Opinión | EL RUIDO Y LA FURIA
Medardo
Me siento a escribir en la mañana del 9 de marzo. No sé por qué, pero de repente me acuerdo de que hoy hace diez años que se murió Medardo Fraile (le faltaban cuatro días para cumplir ochenta y ocho años) y a la actualidad se la lleva el poniente fuerte que anda desordenando el mar. Quizás sea yo el único (familiares aparte), que se acuerde de esto. En España solemos esperar a los números redondos para conmemorar lo que merece siempre ser conmemorado. Y también es probable que a Medardo nadie le prepare un recuerdo en su centenario. Y sin embargo…
Debía ser 2004 o así. ‘Páginas de espuma’ acababa de publicar sus cuentos completos y yo acababa de comprarlos cuando me invitaron a participar en un congreso sobre cuento corto que se celebraba en Granada. La estrella invitada era Medardo Fraile.
El congreso diversificó las actividades. Las lecturas en la sede ‘oficial’ se reservaron para los consagrados y al resto, a quienes formábamos parte de la tropa de relleno, nos dividieron en bares, pequeñas salas, plazuelas… A mí me tocó en un bar en el que la mitad de la gente había venido a escucharnos y la otra mitad a jugar al dominó. Fue difícil leer allí, con el bullicio del seis doble y las comandas cantadas por los camareros, pero más difícil se hizo todavía cuando descubrí entre el público a Medardo Fraile escuchándome con mucha atención.
Cuando terminé de leer mis pobres cuentos, uno de los organizadores del congreso nos presentó. Emprendimos la marcha hacia donde iba a tener lugar la lectura del maestro. Yo iba entusiasmado, en silencio, oyéndolo hablar con aquella calma que tenía para decir las cosas. Medardo hablaba igual que atardece en junio.
Al llegar al lugar de la lectura le preguntó a su mujer si tenía ella el libro. «Naturalmente que no», respondió. Momentos de desconcierto. «¿Y qué hacemos ahora, cómo leo?», se preguntó a sí mismo, desolado. Yo saqué de la mochila mi libro recién comprado y se lo tendí. La mirada de sorpresa y gratitud, la sonrisa socarrona, me hizo sentir, por un momento, que ese gigante del cuento corto en español y yo íbamos a tener algo en común. Cuando terminó la lectura me devolvió el libro con una dedicatoria en la que me llama cuentista y amigo, dos cosas que me hubiese gustado ser.

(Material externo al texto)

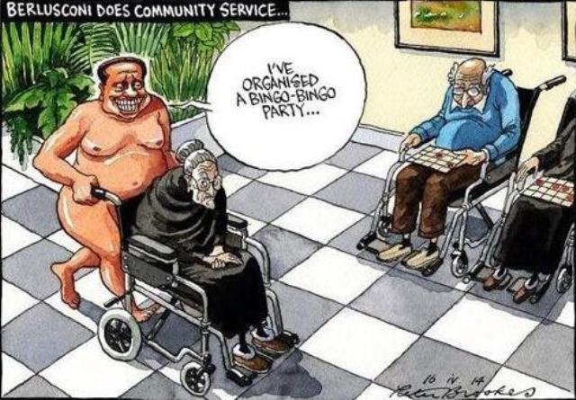 Ο λόγος προφανής: Το Μπίνγκο είναι ένα παιχνίδι τύχης ιδιαίτερα δημοφιλές στους ηλικιωμένους και ο γελοιογράφος των Times φαίνεται πεπεισμένος ότι ο Μπερλουσκόνι δεν θα παρατήσει εύκολα την αγαπημένη του συνήθεια, ακόμα και αν αυτό σημαίνει ότι πρέπει να οργανώσει ένα «μπίνγκο-μπίνγκο» πάρτι και να εμφανιστεί σε αυτό… γυμνός!
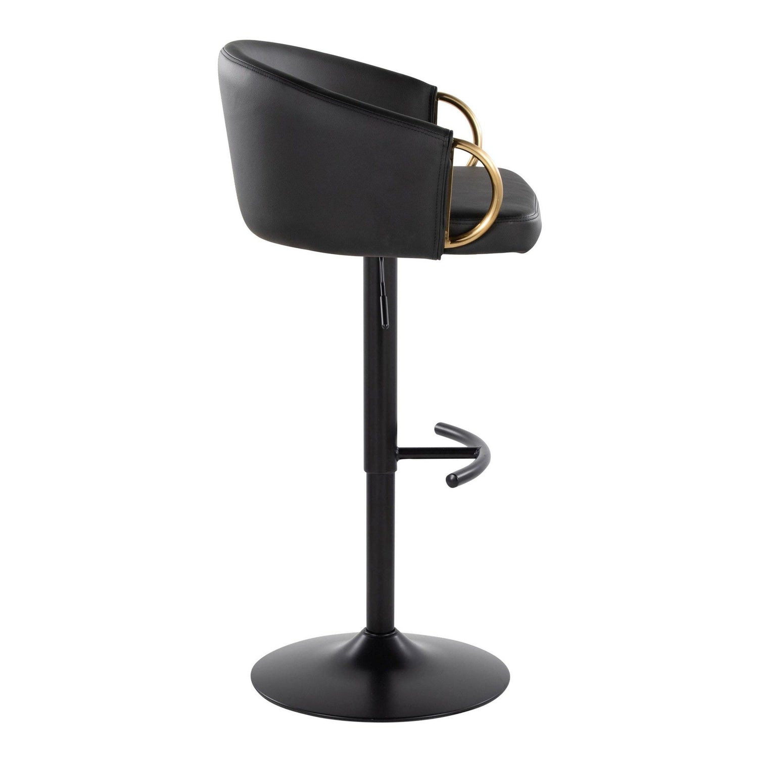Claire - Adjustable Barstool With Rounded T Footrest (Set of 2) - Black Metal And Black Faux Leather With Gold Metal Accent
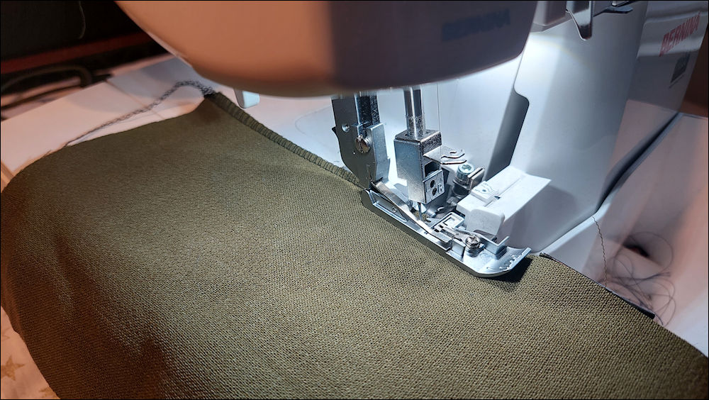 Dit is de GOEDE kant van de stof. We gaan nu met de naaimachine met de blindzoomvoet met een rechte steek op de naad stikken.
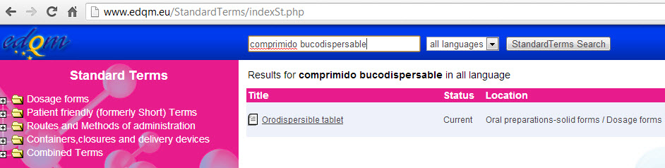 - Click Alt+3 to select EDQM Standard Terms* and the page comes up in your browser. Solution: “orodispersible tablet”
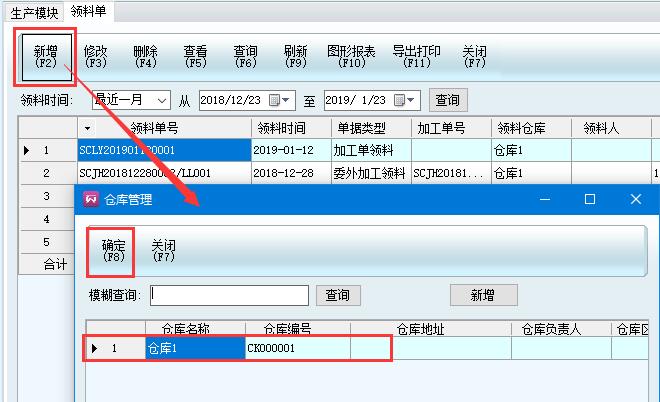 3)打開生產模塊-領料單,點擊新增,先選擇倉庫
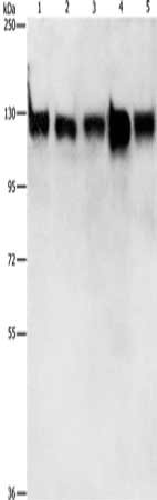 Gel: 6%SDS-PAGE, Lysate: 40 μg, Lane 1-5: 293T cells, hela cells, K562 cells, Raji cells, 231 cells, Primary antibody: CSB-PA578532(MCM2 Antibody) at dilution 1/400, Secondary antibody: Goat anti rabbit IgG at 1/8000 dilution, Exposure time: 1 second
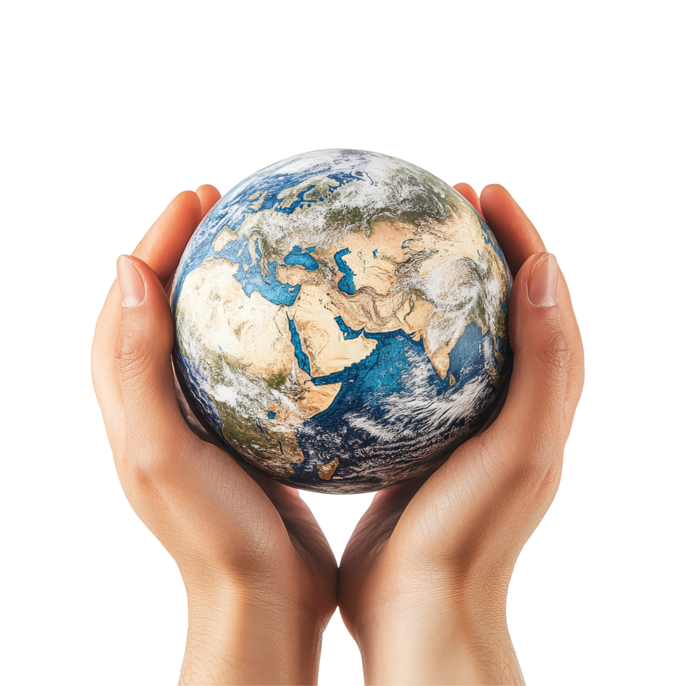Hands cradling a globe symbolizing global unity and environmental stewardship on a transparent background, earth globe on palm hands isolated on transparent background png
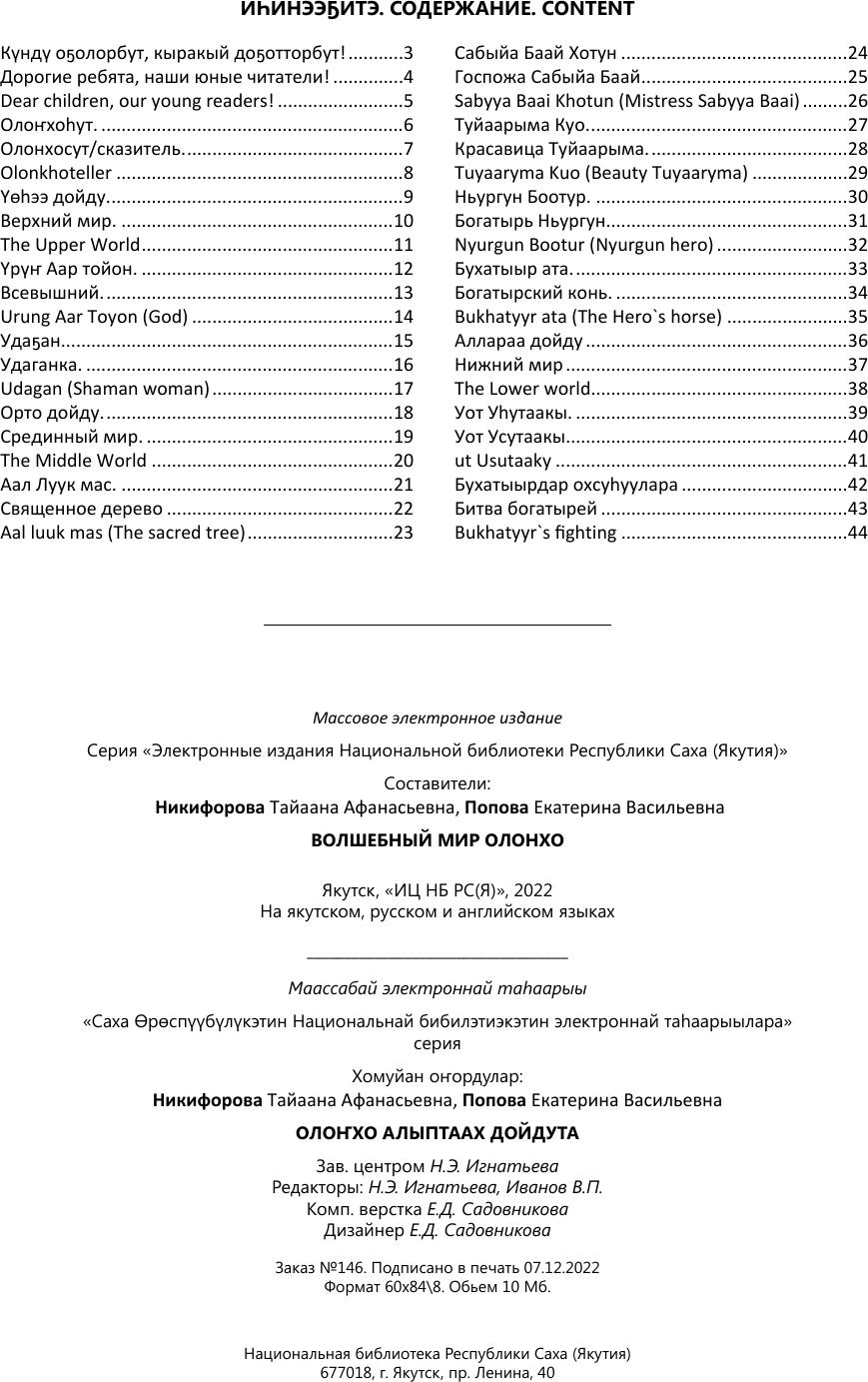Олоҥхо алыптаах дойдута = Волшебный мир Олонхо = Magic world of Olonkho / Национальная библиотека Республики Саха (Якутия), ДТК-Центр детского чтения ; составители: Т. А. Никифорова, Е. В. Попова ; переводчики: с якутского на русский Н. В. Севостьянова, с русского на английский Е. А. Кычкина. - Якутск : НБ РС(Я), 2022. - 1 файл (47, [2] с.
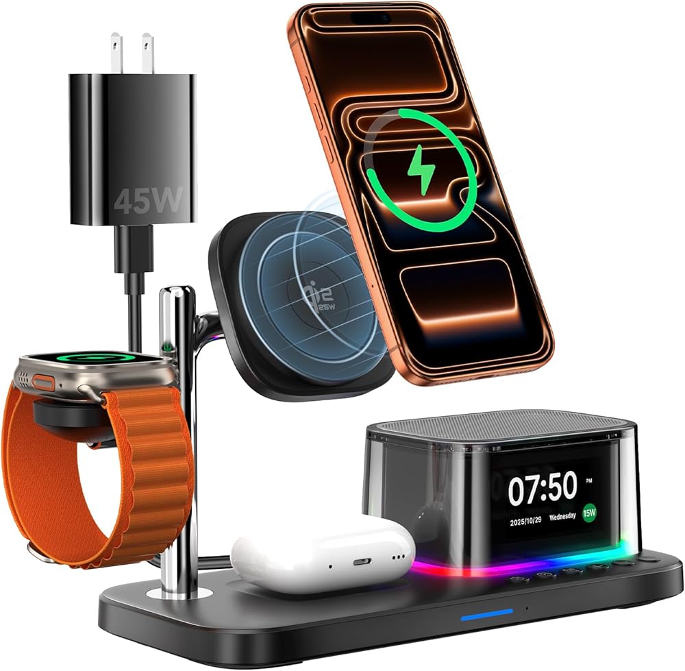 ساعة منبه مع شحن لاسلكي، محطة شحن 7 في 1 مع إضاءة ليلية، مكبرات صوت بلوتوث، شاحن مغناطيسي Qi2 25 وات لهاتف iPhone 17 16 15 14 13 12 Pro Max Plus Apple Watch Airpods، غرفة النوم

No volví a verlo. Tras su muerte se publicó una nueva edición de la obra, a la que se añadieron los tres o cuatro cuentos que escribió o publicó en los años siguientes a aquella primera edición que yo compré, la incompleta, pero que tiene su firma, su gratitud, su complicidad, y una bonita historia para recordar y contar a los amigos en la sobremesa.